Celtic Warriors
- Founded: 2003
- Disbanded: 2004; 22 years ago
- Location: Bridgend, Wales Pontypridd, Wales
- Ground: Brewery Field (Capacity: 12,000)
- Chairman: Leighton Samuel
- Coach: Lynn Howells
- Captain(s): Gareth Thomas Richard Bryan
| Team kit |

= Celtic Warriors =

Defunct Welsh rugby union club, based first in Bridgend then Pontypridd

The Celtic Warriors (Y Rhyfelwyr Celtaidd) were a rugby union team from Wales, who played in the 2003–04 Celtic League and the 2003–04 Heineken Cup following the introduction of regional rugby union teams in Wales. They were effectively a temporary merger of Pontypridd RFC and Bridgend RFC. The Celtic Warriors played just one season before disbanding. The team was poorly supported, with Pontypridd RFC supporters reluctant to watch the Celtic Warriors play in Bridgend and trying to prevent any aspect of Bridgend RFC's identity seeping into the new entity. The animosity and insistence that Pontypridd RFC be the focal point for the team despite almost all financial support coming from Bridgend led to its downfall and the demise of pro rugby in Rhondda Cynon Taf, something Pontypridd RFC was trying to protect.

==History==
The Celtic Warriors were one of the five original Welsh regional rugby sides. They were established in the summer of 2003 when the Welsh Rugby Union (WRU) controversially elected to reduce the top tier of professional rugby in the country from nine clubs to five regions, attempting to mirror the successful formats of rugby union in Ireland, South Africa, Australia and New Zealand. Officially representing the Mid Glamorgan area, including Merthyr Tydfil, Aberdare, Pontypridd, Caerphilly, Maesteg and Bridgend, as well as south Powys, in practice the Celtic Warriors were a combination of two Welsh Premier Division clubs: Pontypridd RFC and Bridgend RFC. With Bridgend RFC having clinched the 2002–03 Welsh Premier League title and Pontypridd RFC performing consistently well in domestic rugby, the Warriors were considered one of the strongest line-ups of the five Welsh regions.

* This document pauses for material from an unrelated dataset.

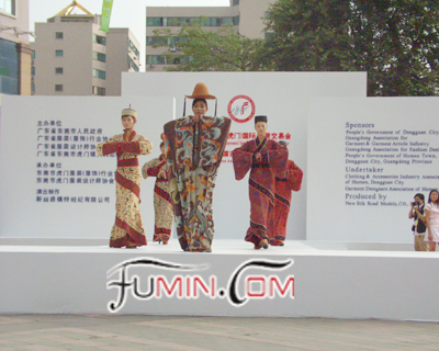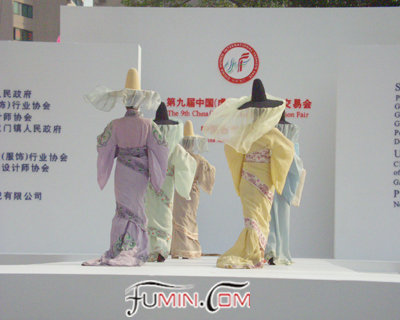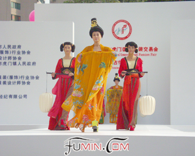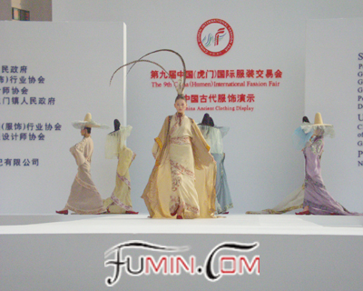 本网现场报道 2004年11月12日上午9:00以一场精彩的中国古代服饰表演凑响了第九届中国(虎门)国际服装交易会的开幕序曲。本场服装秀由来自新丝路的李冰、肖青、李子宁等知名模特演出,展示了中国古代特别是唐朝时期华美大气、高贵、典雅的服饰。同时还秀出了中国民族服饰,一场生动精彩的表演令在场众无不为之振撼、倾叹!(夏惠珍)

However, problems dogged the region from the very start, as they similarly did with the other merged regions of the Neath–Swansea Ospreys and the Newport Gwent Dragons. Discussions and arguments abounded about the team name, colours and home grounds for most of the summer of 2003. The team originally adopted the name "RCT Ravens", reflecting the region's primary location in the county of Rhondda Cynon Taf (RCT) and Bridgend RFC's nickname, the Ravens; however, this name was rejected because Bridgend is not in Rhondda Cynon Taf and Pontypridd supporters objected to the inclusion of Bridgend's nickname. That name was dropped in June 2003, and other names, including "Crusaders", "Glamorgan Gladiators" and "Glamorgan Celts", were also rejected, before settling on the Celtic Warriors name in July 2003. In response to the branding issues, as well as the structure of the region's board, Bridgend RFC owner Leighton Samuel resigned as chairman of the Warriors board.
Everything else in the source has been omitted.